Plasmalogen-Independent Neuroprotection: Synthetic alkyl ether lipids activate signaling to mitigate neuroinflammation and enhance cognitive function

Abstract Neuroinflammation is a key driver of neurodegenerative disorders, with chronic activation of the NF-κB pathway contributing to neuronal dysfunction and disease progression. In this study, we report that KIT-8, a synthetic alkyl ether lipid, exerts potent anti-inflammatory and neuroprotective effects despite its inability to be converted into plasmalogens within cells unlike its analog KIT-13, which is known to generate plasmalogens. Remarkably, KIT-8 activates key intracellular signaling pathways, including phosphorylation of ERK and AKT, and enhances brain-derived neurotrophic factor (Bdnf) expression in Neuro2A cells, thereby mimicking the actions of both KIT-13 and natural plasmalogens.
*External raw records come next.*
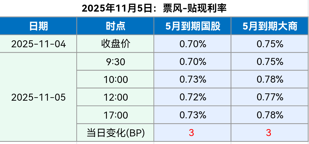 2025年11月5日 2025年11月5日,早盘票据贴现利率小幅上涨,上午略有回落,下午继续上涨,最新票据贴现利率如下: 备注:上述票据贴现价格全国可贴,无需重新开户。 如果您觉得上述贴现价格符合您的要求,可以扫描下方二维码联系我们。 文章导航 2025年11月4日票据贴现利率
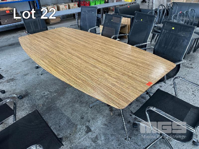 LARGE BOARDROOM TABLE, TIMBER LAMINATE TOP, STEEL FRAME, 2400 x 1200mm
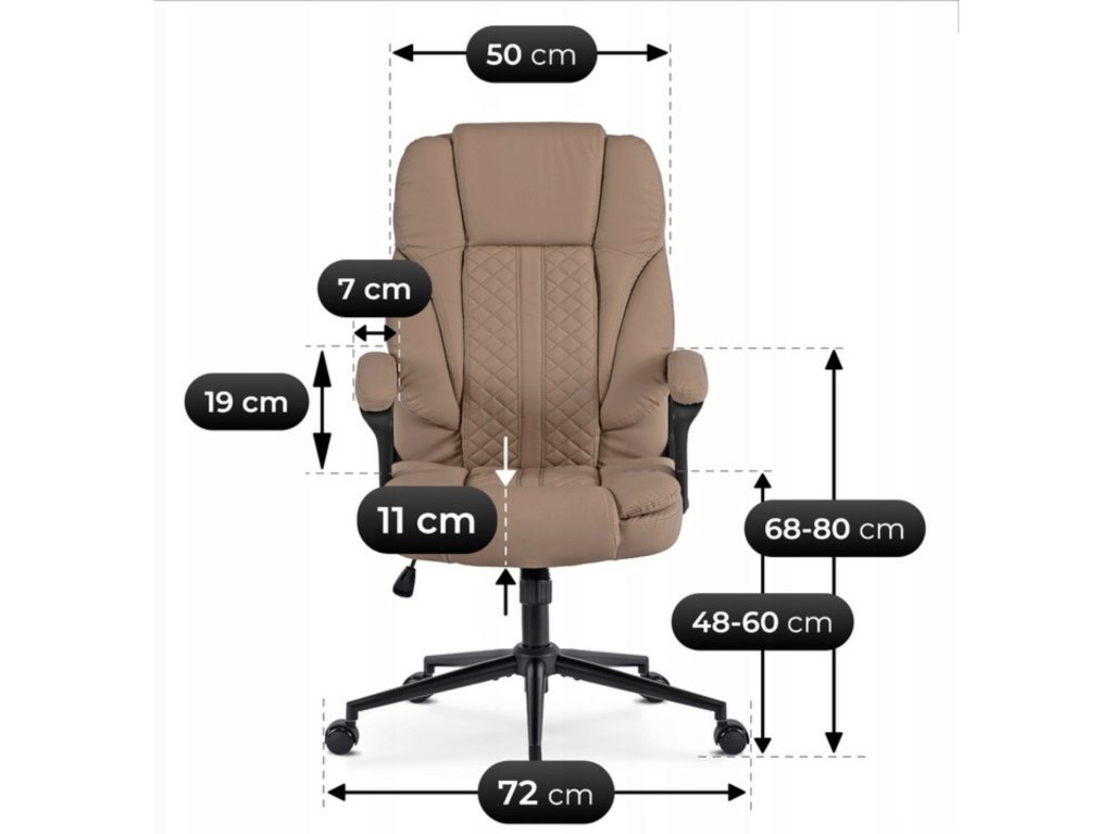 Az ergonomikus ülőlapforma, a dönthető és különböző pozíciókban rögzíthető háttámla, valamint az állítható magasság lehetővé teszi a szék egyéni igényekhez történő igazítását. A forgatható talp halk gumikerék segítségével biztosítja a zökkenőmentes mozgást a helyiségben anélkül, hogy a padlót károsítaná.
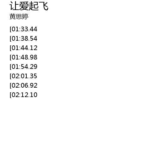 | [03:24.76][02:01.35][00:51.28] | 随风飘散祝福满人间 |
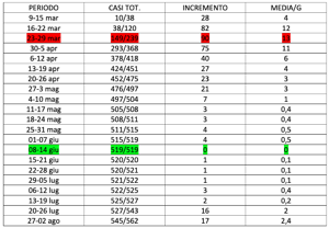 25-31 maggio: media di nuovi casi più bassa di sempre
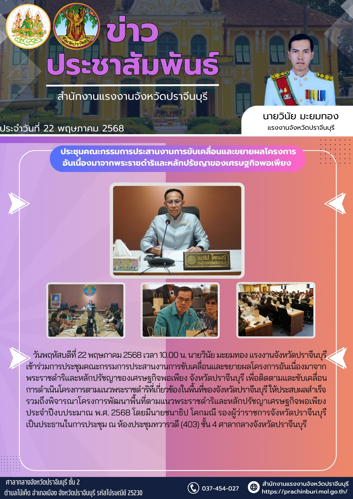วันพฤหัสบดีที่ 22 พฤษภาคม 2568 เวลา 10.00 น. นายวินัย มะยมทอง แรงงานจังหวัดปราจีนบุรี เข้าร่วมการประชุมคณะกรรมการประสานงานการขับเคลื่อนและขยายผลโครงการอันเนื่องมาจากพระราชดำริและหลักปรัชญาของเศรษฐกิจพอเพียง จังหวัดปราจีนบุรี เพื่อติดตามและขับเคลื่อน การดำเนินโครงการตามแนวพระราชดำริที่เกี่ยวข้องในพื้นที่ของจังหวัดปราจีนบุรี ให้ประสบผลสำเร็จรวมถึงพิจารณาโครงการพัฒนาพื้นที่ตามแนวพระราชดำริและหลักปรัชญาเศรษฐกิจพอเพียง ประจำปีงบประมาณ พ.ศ. 2568 โดยมีนายชนาธิป โคกมณี รองผู้ว่าราชการจังหวัดปราจีนบุรีเป็นประธานในการประชุม ณ ห้องประชุมทวารวดี (403) ชั้น 4 ศาลากลางจังหวัดปราจีนบุรี

Furthermore, KIT-8 significantly improves memory function in mice, underscoring its inherent therapeutic potential. Importantly, the biological activity of KIT-8 suggests that plasmalogen synthesis is not required for its functional effects, introducing a novel concept in ether lipid biology. Supporting this notion, we identified additional alkyl ether lipid analogs, KIT-19 and KIT-20, which also demonstrated anti-inflammatory properties despite lacking the ability to generate plasmalogens. These findings indicate that the ether bond structure alone may be sufficient to confer biological activity. To explore this further, we designed and synthesized a series of structurally distinct alkyl ether lipids (KIT compounds) retaining an ether bond at the sn-2 position. In an LPS-induced inflammatory model using mouse-derived microglial MG6 cells, selected compounds KIT-8, KIT-19, and KIT-20 significantly suppressed NF-κB signaling, reduced p65 nuclear translocation, and downregulated the expression of pro-inflammatory mediators IL-1β and NOS2. Given the cognitive benefits associated with plasmalogens in Alzheimer’s disease, our findings position alkyl ether lipids as promising standalone bioactive molecules, capable of mitigating neuroinflammation and enhancing neuronal function independently of plasmalogen synthesis.